[DATA EXTRACT]:

════════════════

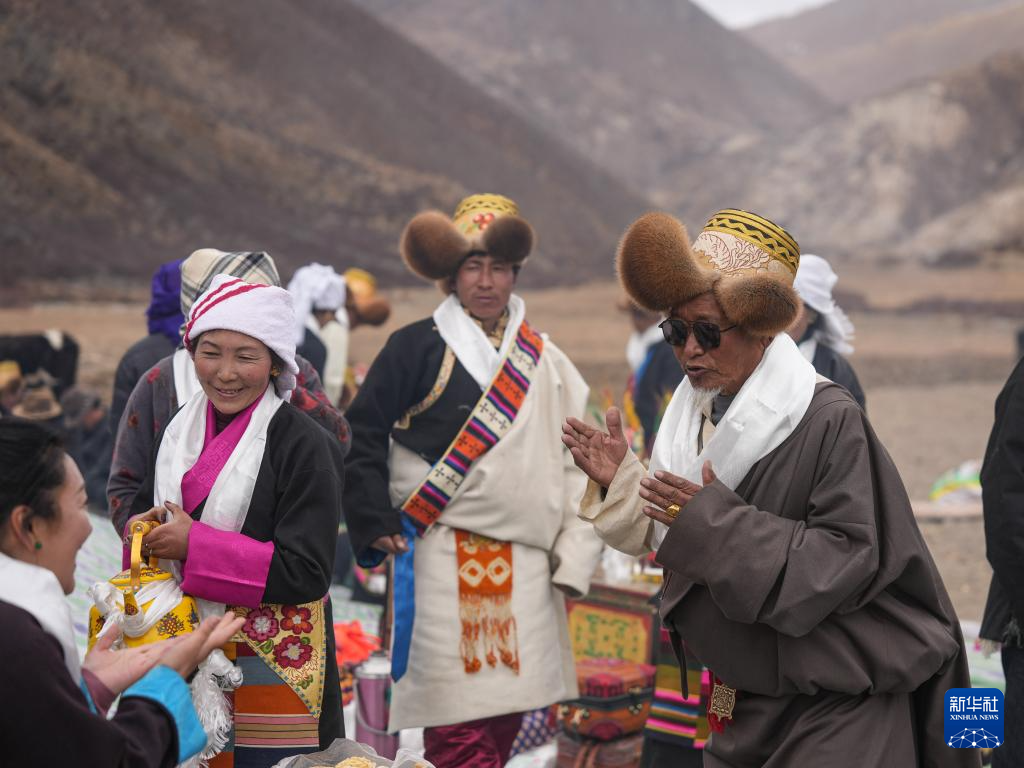 旺慶老人(右)在春耕大典上為客人敬酒獻(xiàn)唱(3月16日攝)。新華社記者 晉美多吉 攝
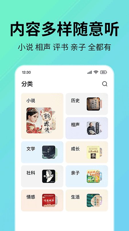 3. 产品种类丰富:涵盖都市、古今言情、玄幻、相声故事、历史出版、亲子情感等各类题材,任您畅听。
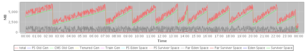 avg(total) = 4433.71 avg(PS Old Gen) = 0.00 avg(CMS Old Gen) = 3585.74 avg(Tenured Gen) = 0.00 avg(Train Gen) = 0.00 avg(PS Eden Space) = 0.00 avg(PS Survivor Space) = 0.00 avg(Par Eden Space) = 804.33 avg(Par Survivor Space) = 43.64 avg(Eden Space) = 0.00 avg(Survivor Space) = 0.00
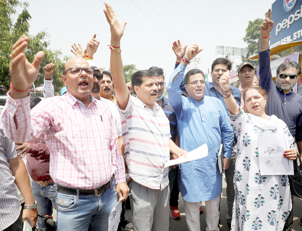 A large number of Kashmiri Pandits affiliated to BJP assembled near Press Club Jammu and raised slogans against National Conference and its chief Dr Farooq Abdullah on his statement issued yesterday on Balkrishan Ganjoo and banning of ‘Kashmir Files’ movie.

════════════════

[PROBLEM DETAILS]:
Print the lines from the one that contains "avg(total) = 4433.71" through the final line of the material above, exactly and only those, with pictures left out.

[RESPONSE TO THE TASK]:
 avg(total) = 4433.71 avg(PS Old Gen) = 0.00 avg(CMS Old Gen) = 3585.74 avg(Tenured Gen) = 0.00 avg(Train Gen) = 0.00 avg(PS Eden Space) = 0.00 avg(PS Survivor Space) = 0.00 avg(Par Eden Space) = 804.33 avg(Par Survivor Space) = 43.64 avg(Eden Space) = 0.00 avg(Survivor Space) = 0.00
 A large number of Kashmiri Pandits affiliated to BJP assembled near Press Club Jammu and raised slogans against National Conference and its chief Dr Farooq Abdullah on his statement issued yesterday on Balkrishan Ganjoo and banning of ‘Kashmir Files’ movie.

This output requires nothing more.